Preparation and Application-Related Simulation Study of Novel Polymer-Based Form-Stable Phase Change Materials

【作者】 李建立

【导师】 薛平;

【作者基本信息】 北京化工大学 , 机械设计及理论, 2009, 博士

【摘要】 相变材料(PCM)在发生相态变化时能吸收/释放大量潜热,而自身温度保持不变或只在很窄的范围内变化。近年来世界各国的研究者对无机、有机、无机/有机混合PCM进行了广泛研究。从相变温度和相变潜热角度考虑,工业化前景较好的低温PCM均为固-液PCM。这类PCM在使用中有液相产生,必须设计专门的容器或采用合适的包封材料对其进行封装,其中采用不同的高分子材料作为基体,对石蜡类固-液PCM进行包封,制备各种定形相变材料(FSPCM)的相关研究是一个热点。本文首次提出并制备了一种新型聚合物基FSPCM,该材料是以木质纤维/热塑性树脂的复合体系为基体,通过在其中添加微胶囊化相变材料(MEPCM)及必要的助剂,经模压加工而成的复合材料。围绕新型聚合物基FSPCM的制备和应用研究,主要做了如下工作:①新型聚合物基FSPCM的制备及性能表征以木粉/高密度聚乙烯(HDPE)复合体系为基体,在其中添加不同含量的MEPCM、不同热导率的改进材料、界面改性剂及其它加工助剂,通过模压法制备出十五种定形相变板材样品。
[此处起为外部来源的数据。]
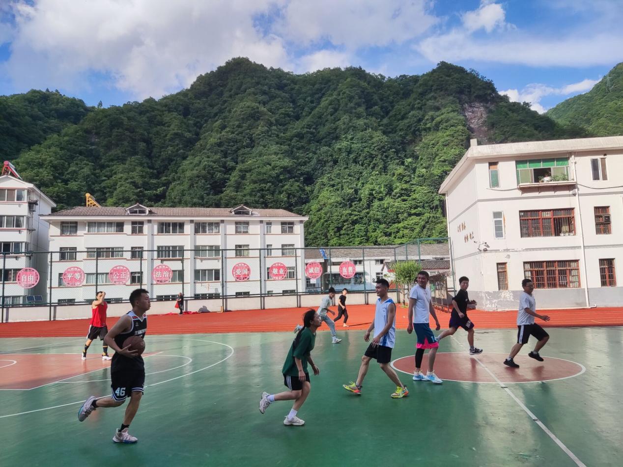 “青松”队的篮球友谊赛在神农架林区木鱼镇小学举行。

用扫描电子显微镜(SEM)观测了定形相变板材的微观形貌,微观照片表明所制备的定形相变板材的各组分在体系中分布均匀,特别是板材试样中的绝大部分MEPCM颗粒仍然完好,从而证实了模压法制备新型FSPCM的可行性。用差示扫描量热仪(DSC)测定了MEPCM和新型FSPCM试样的相变温度、潜热和比热。结果表明:将MEPCM加入木粉/HDPE复合体系,通过模压法制备新型聚合物基FSPCM,不会改变MEPCM原有的相变温度,所得FSPCM的潜热与MEPCM的添加量成正比,当MEPCM含量达到25wt%左右时,FSPCM的潜热约为28kJkg-1,与国内外同类研究相比处于同一水平。冻融循环稳定性实验表明所制备的新型FSPCM经历100次冻融循环之后,相变温度和潜热的变化较小,表明其有较好的冻融循环稳定性。热失重分析表明所制备的新型FSPCM具有较好的热稳定性。热导率测试结果表明,添加不同的热导率改进材料均能改善新型FSPCM的导热性,改善程度与添加的材料种类和添加比例有关。力学性能测试结果表明,所制备的新型FSPCM的弯曲强度大于10MPa,弯曲弹性模量大体在600 MPa以上,表面硬度约为60HD,基本能满足对装饰板材力学强度的要求。②根据建筑热平衡原理和相变材料特性建立了描述一个典型房间所有围护内部逐时温度场及室内空气逐时温度的数学模型,根据有限差分法用Matlab6.5编写了模拟程序,并对程序进行了理论验证、程序间对比验证和实验验证。利用该程序可对新型FSPCM板材用做建筑围护结构材料的应用效果进行详细的模拟研究。③用上述程序,综合考虑多种因素,特别是电热膜的不同间断运行模式以及蓄热层厚度,对新型FSPCM作为电加热地板辐射采暖系统(以下简称电地暖系统)蓄热层的室温调控效果、节能效果和经济性做了较全面的参数化研究。结果表明:当气象条件、房间朝向、围护结构热工性能及蓄热层自身热物性等确定时,电热膜运行模式和蓄热层厚度对新型FSPCM作为电地暖系统蓄热层的应用效果影响显著。④针对新型FSPCM用作电地暖系统蓄热层时的热物性优化问题,提出了两种优化方法,即稳态计算法和动态模拟法。利用这两种热物性优化方法对将特定厚度的新型FSPCM用作电地暖系统蓄热层时的热物性进行了优化,得到了有意义的结果。将上述两种优化方法结合使用,可为MEPCM的研发、新型FSPCM板材的配方设计提供理论指导,并可为电地暖系统的设计施工提供理论依据。⑤新型FSPCM工业化前景分析新型聚合物基FSPCM基体材料绿色环保、价廉易得,制备方法及工艺可行,产品应用面广,有较好的工业化前景。但要实现新型FSPCM的工业化生产与应用,还需要解决一些关键问题。比如开发出不同相变温度、高相变潜热、冻融循环稳定性好、耐热性好的MEPCM,优化新型FSPCM的配方和制备工艺。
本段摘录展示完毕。